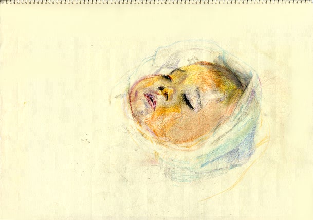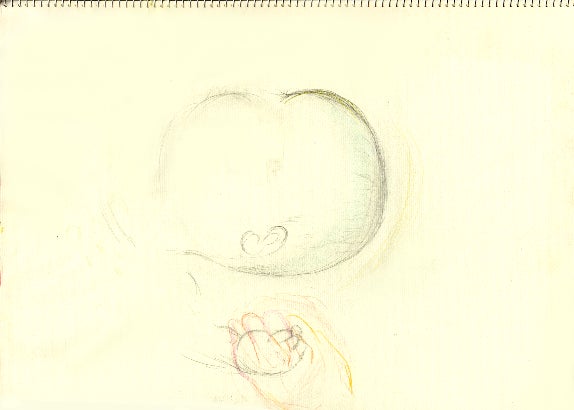 このスケッチは、息子の記憶を失っていく苦しみに涙を流しながら息子の頭をなでるように描き、息子の手を握るように手を描いた。なんとか思い出せないかと希望を持ちながら。
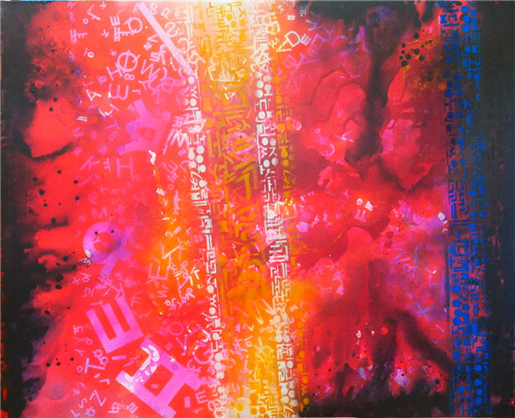 작품에 등장하는 문자나 기호적 요소들 그리고 한글의 자모, 영어의 알파벳은 우리 사회의 혼재된 양상과 혼돈의 모습을 보여주는 장치이기도 하다. 작가는 한국 자모의 균형과 연속성의 변화를 통해 시각적 효과를 극대화하고 각종 기호들이 모이면서 생기는 질서와 조화를 화면에 담아낸다
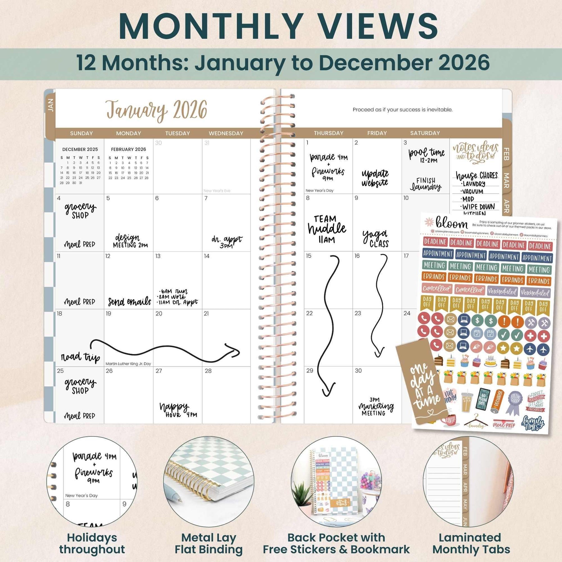 Your go-to companion for turning 2026 into your most organized year yet. This beloved 5.5″ × 8.25″ soft-cover planner blends functionality with flair—featuring monthly overviews, weekly spreads, habit trackers, and life-coaching prompts that transform daily chaos into purposeful progress. The gloss-laminated cover, lay-flat spiral binding, and silky 100 gsm paper make planning feel like a treat. Plus, you'll get a magnetic bookmark and sticker sheet to make it yours. With 20 wildflower-inspired designs to choose from, planning has never looked this good. Available in three sizes and hardcover too—find your perfect match in our full 2026 collection.
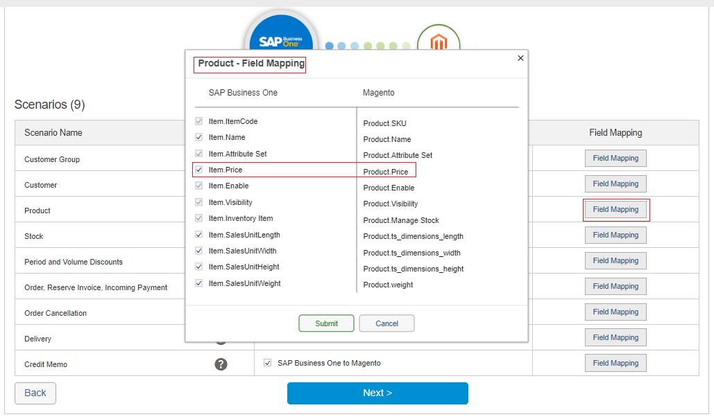 Sometimes the user would like to have separate item prices in Magento and SAP Business One and does not want to replicate the item prices between the applications, so an option is now provided to deselect the item price property in item master synchronization.
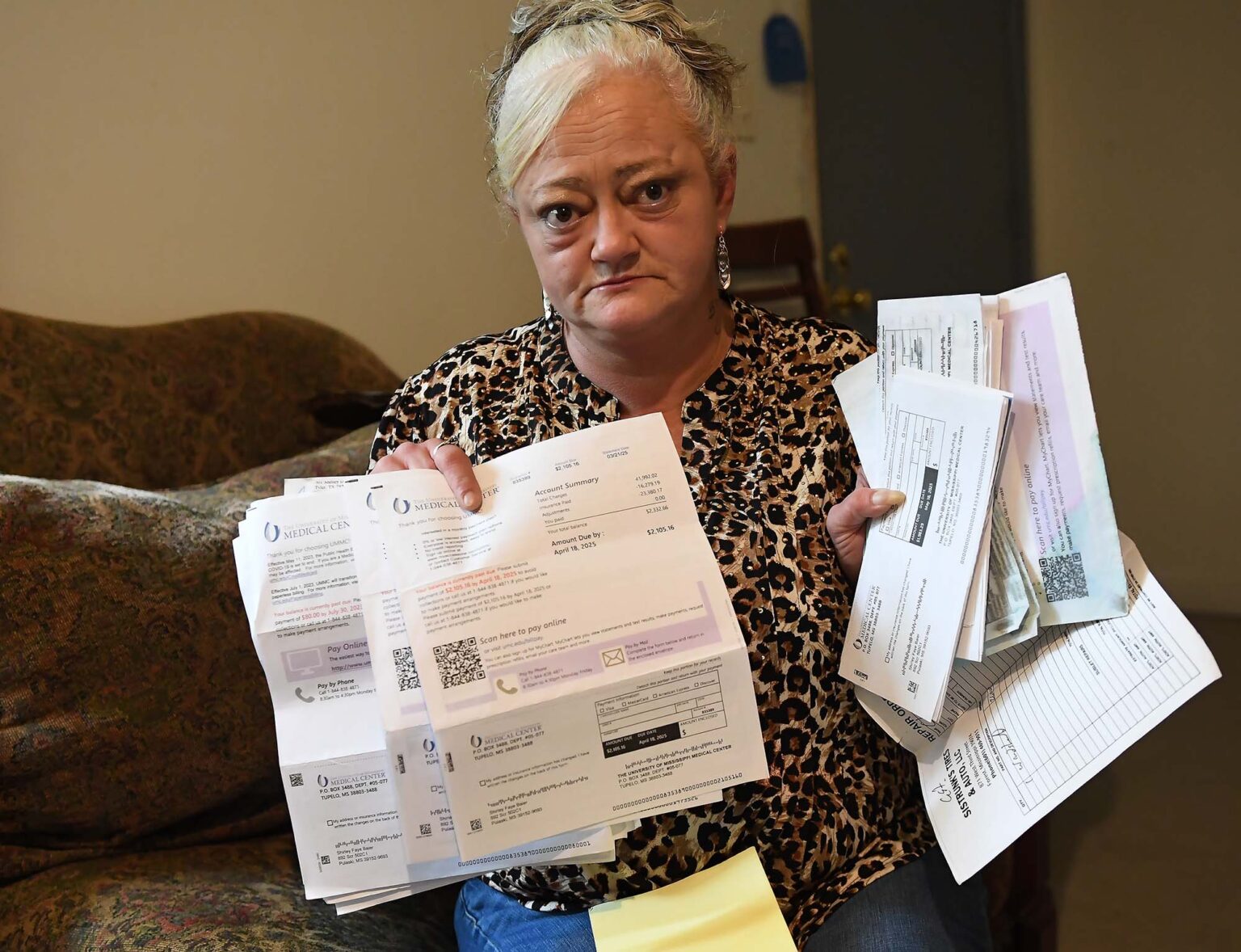 Photographs of Cheryl Baier of Forest, before and after she was savagely beaten by her then boyfriend, Tuesday, Aug. 5, 2025. Credit: Vickie D. King/Mississippi Today
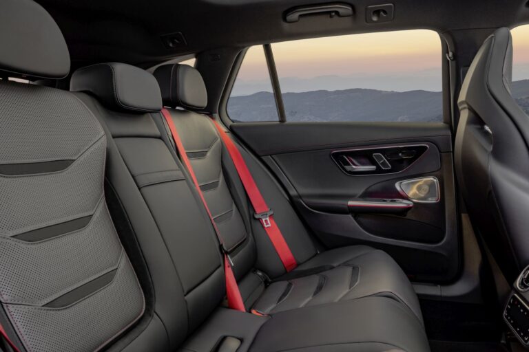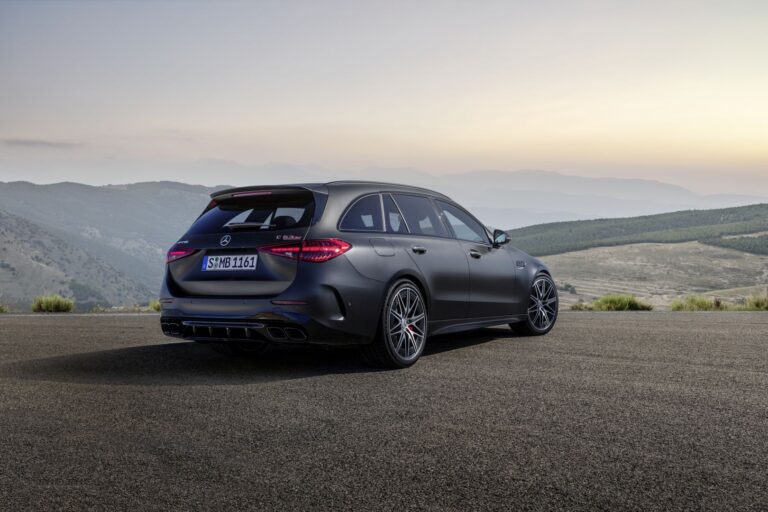 Dopasowane progi boczne, tylny zderzak z dużym dyfuzorem oraz dwa trapezoidalne, zewnętrznie żebrowane końcówki wydechu dopełniają design. Ekskluzywne detale z tyłu obejmują specjalny brzeg powietrzny na pokrywie bagażnika (spoiler dachowy w wersji kombi), klapkę do ładowania oraz oznaczenie modelu na czerwonym tle. Emblemat „E PERFORMANCE” na błotnikach wskazuje na hybrydowy napęd. C63 S standardowo wyposażony jest w 19-calowe lekkie felgi AMG o mieszanych oponach. Dostępne są opcjonalne kombinacje kół/opon w rozmiarze 20 cali, również o mieszanych oponach, w tym nowa felga kuta.
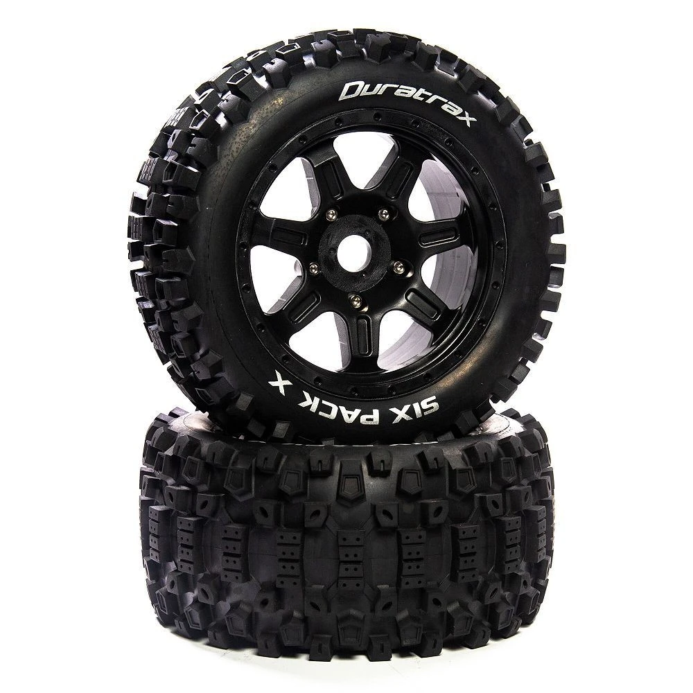 Duratrax offers these factory mounted 1/5 scale SIX PACK MT front/rear tires for the ARRMA KRATON 8S monster truck and ARRMA OUTCAST 8S stunt truck. They feature a tread pattern perfect for running on a wide range of surfaces: pavement, hard-packed wet or dry surfaces, loose-dry loamy dirt, loose-wet mud and grass. Molded from a durable black composite plastic, the 24mm hex wheels measure 3.9 inches (98.2mm) wide and 8.4 inches (213mm) in diameter. The tires include one-piece foam inserts and are made from medium firm CS Sport compound. Sold in pairs.
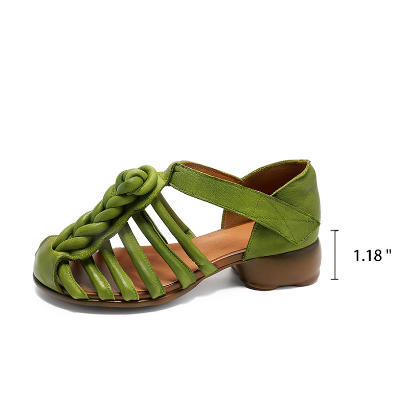 Handmade Leather Gladiator Sandals Retro Woven in Off White/Camel/Green
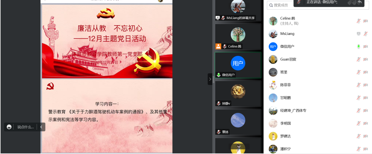 为推动“迎接二十大、做合格党员”系列活动走深走实,12月27月,体育与教育学院教师第一党支部线上召开“警示教育筑防线 廉洁自律守初心”主题党日活动,进一步增强全体党员遵纪守法和廉洁自律意识,筑牢拒腐防变思想防线。
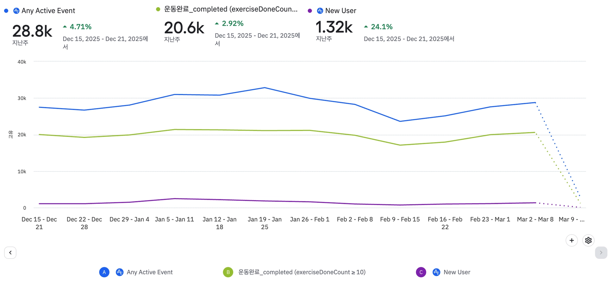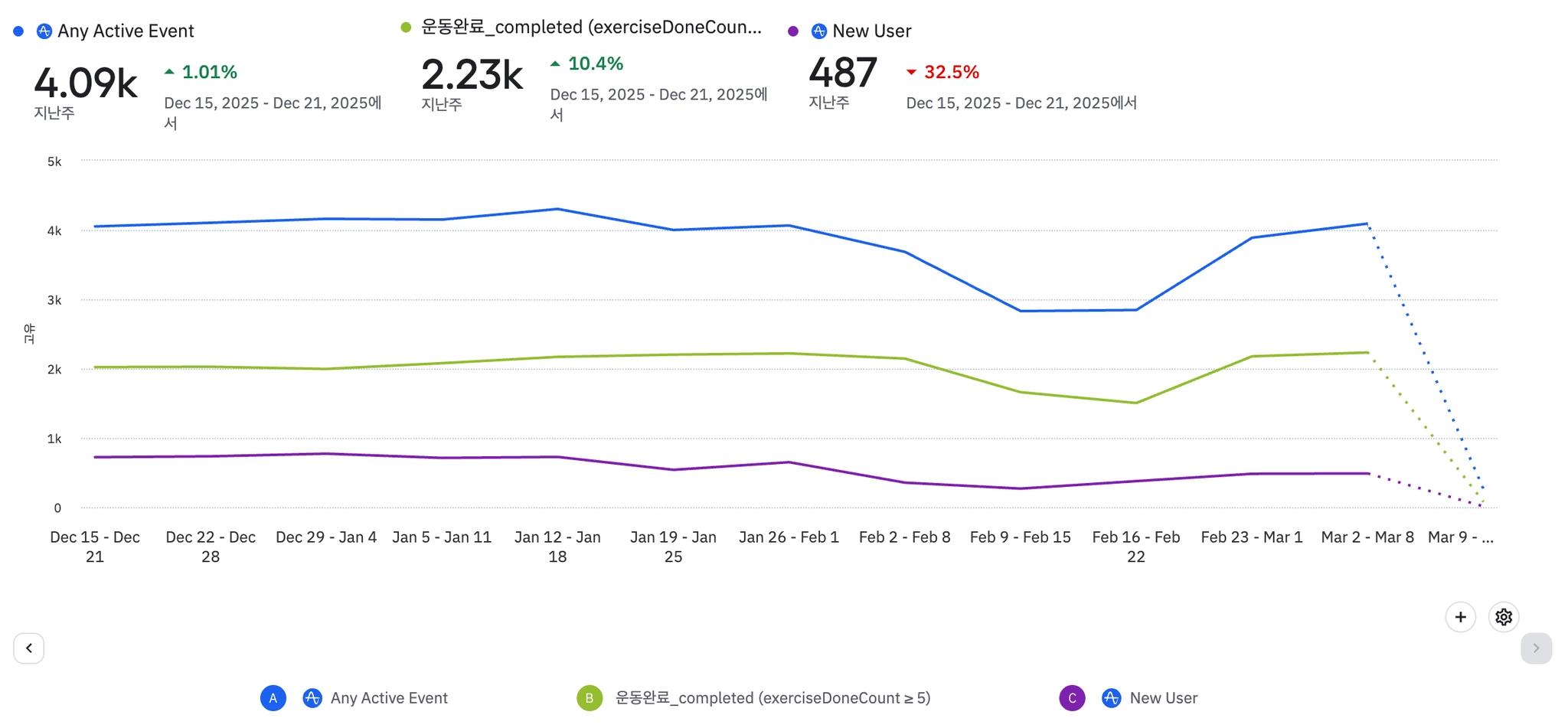 1주일에 3번이상 운동완료하는 유저(NSM)

# Work instructions
Your answer should be the lines above, word for word, from the line with "Photographs of Cheryl" through the line with "Dopasowane progi boczne, tylny", minus the pictures.

# Result of the task
 Photographs of Cheryl Baier of Forest, before and after she was savagely beaten by her then boyfriend, Tuesday, Aug. 5, 2025. Credit: Vickie D. King/Mississippi Today
 Dopasowane progi boczne, tylny zderzak z dużym dyfuzorem oraz dwa trapezoidalne, zewnętrznie żebrowane końcówki wydechu dopełniają design. Ekskluzywne detale z tyłu obejmują specjalny brzeg powietrzny na pokrywie bagażnika (spoiler dachowy w wersji kombi), klapkę do ładowania oraz oznaczenie modelu na czerwonym tle. Emblemat „E PERFORMANCE” na błotnikach wskazuje na hybrydowy napęd. C63 S standardowo wyposażony jest w 19-calowe lekkie felgi AMG o mieszanych oponach. Dostępne są opcjonalne kombinacje kół/opon w rozmiarze 20 cali, również o mieszanych oponach, w tym nowa felga kuta.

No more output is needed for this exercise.